Supplied data: Begin

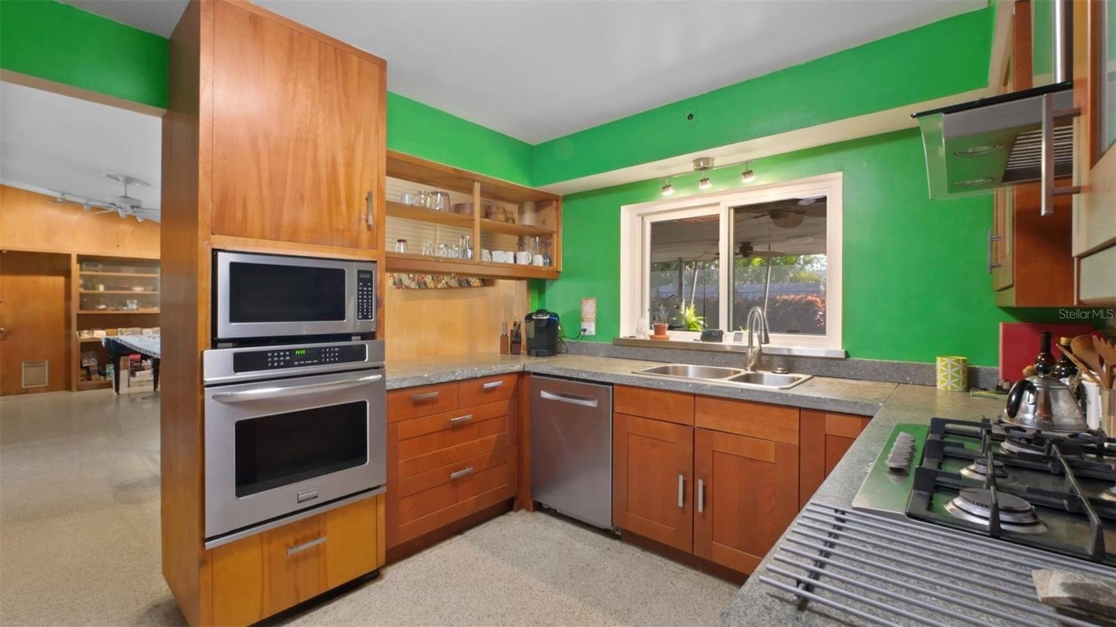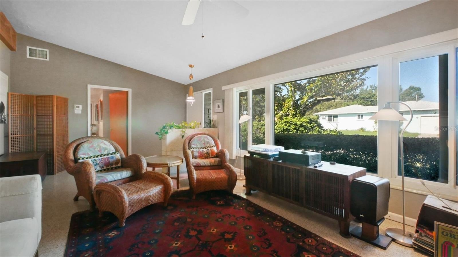 Perched on a corner lot in a Non-Food Insurance Required Area, the property offers peace of mind and plenty of space to enjoy both indoor and outdoor living. The backyard is your own retro paradise — complete with a shuffleboard court that’s ready for gatherings. So put on your Hawaiian shirt, tip your fedora, and invite your friends over for the perfect mid-century party!
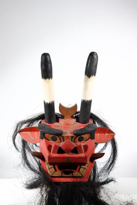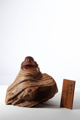 Imposant Daruma protecteur partiellement sculpté en bois Sym…
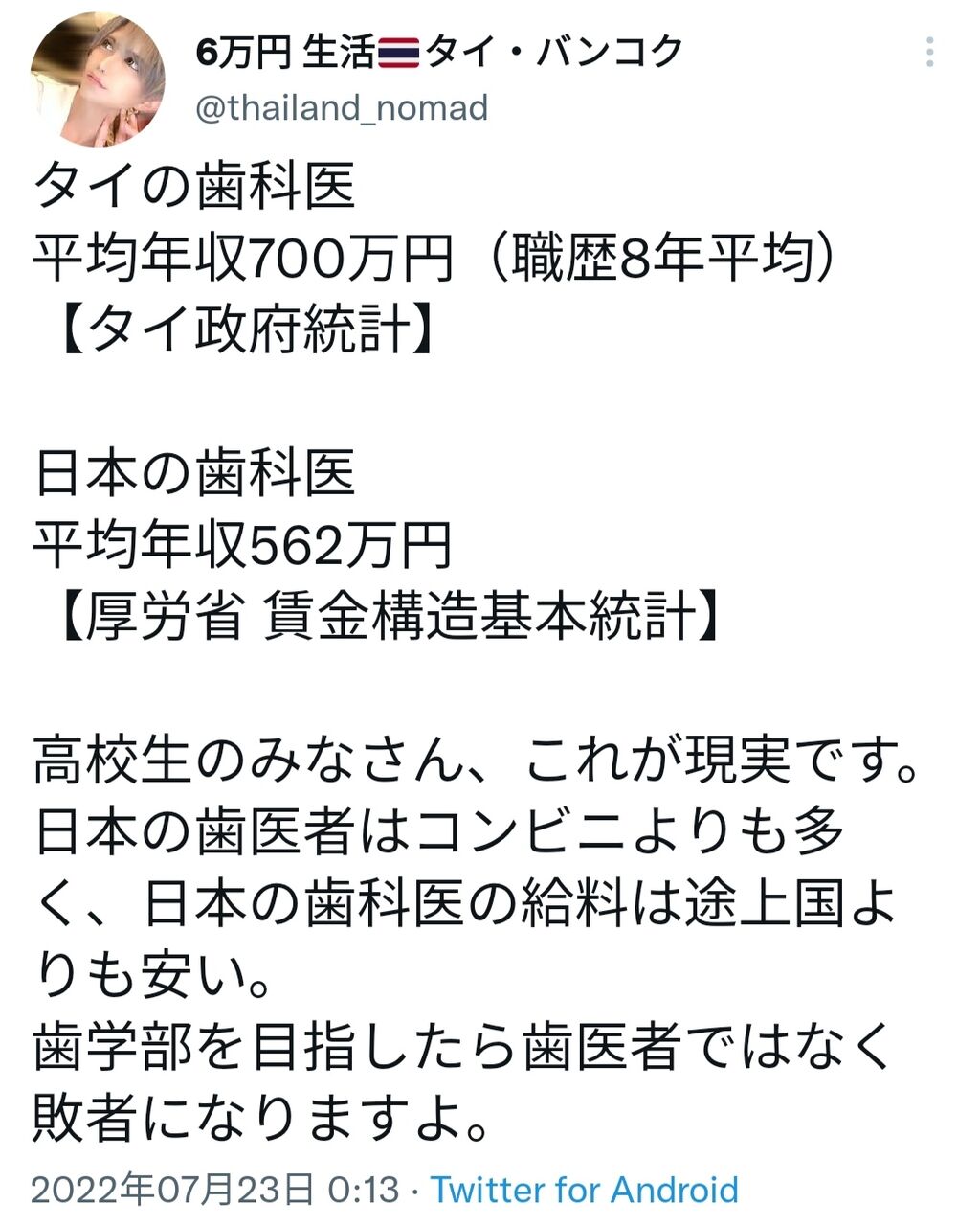 ちなみにアメリカの歯医者の平均年収は2000万円な模様
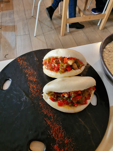Pan bao de cerdo con pimientos, que estaba realmente bueno, nos gusto la idea de mezclar un producto asiatico como es el pan bao con algo tipico extremeño como es el cerdo con los pimientos.

Supplied data: End

◆ **Task to carry out**
Return, exactly as they stand, the lines from the opening line of the listing through the line with "Imposant Daruma protecteur", both ends counted, and no pictures.

◆ **Solution to this exercise**
 Perched on a corner lot in a Non-Food Insurance Required Area, the property offers peace of mind and plenty of space to enjoy both indoor and outdoor living. The backyard is your own retro paradise — complete with a shuffleboard court that’s ready for gatherings. So put on your Hawaiian shirt, tip your fedora, and invite your friends over for the perfect mid-century party!
 Imposant Daruma protecteur partiellement sculpté en bois Sym…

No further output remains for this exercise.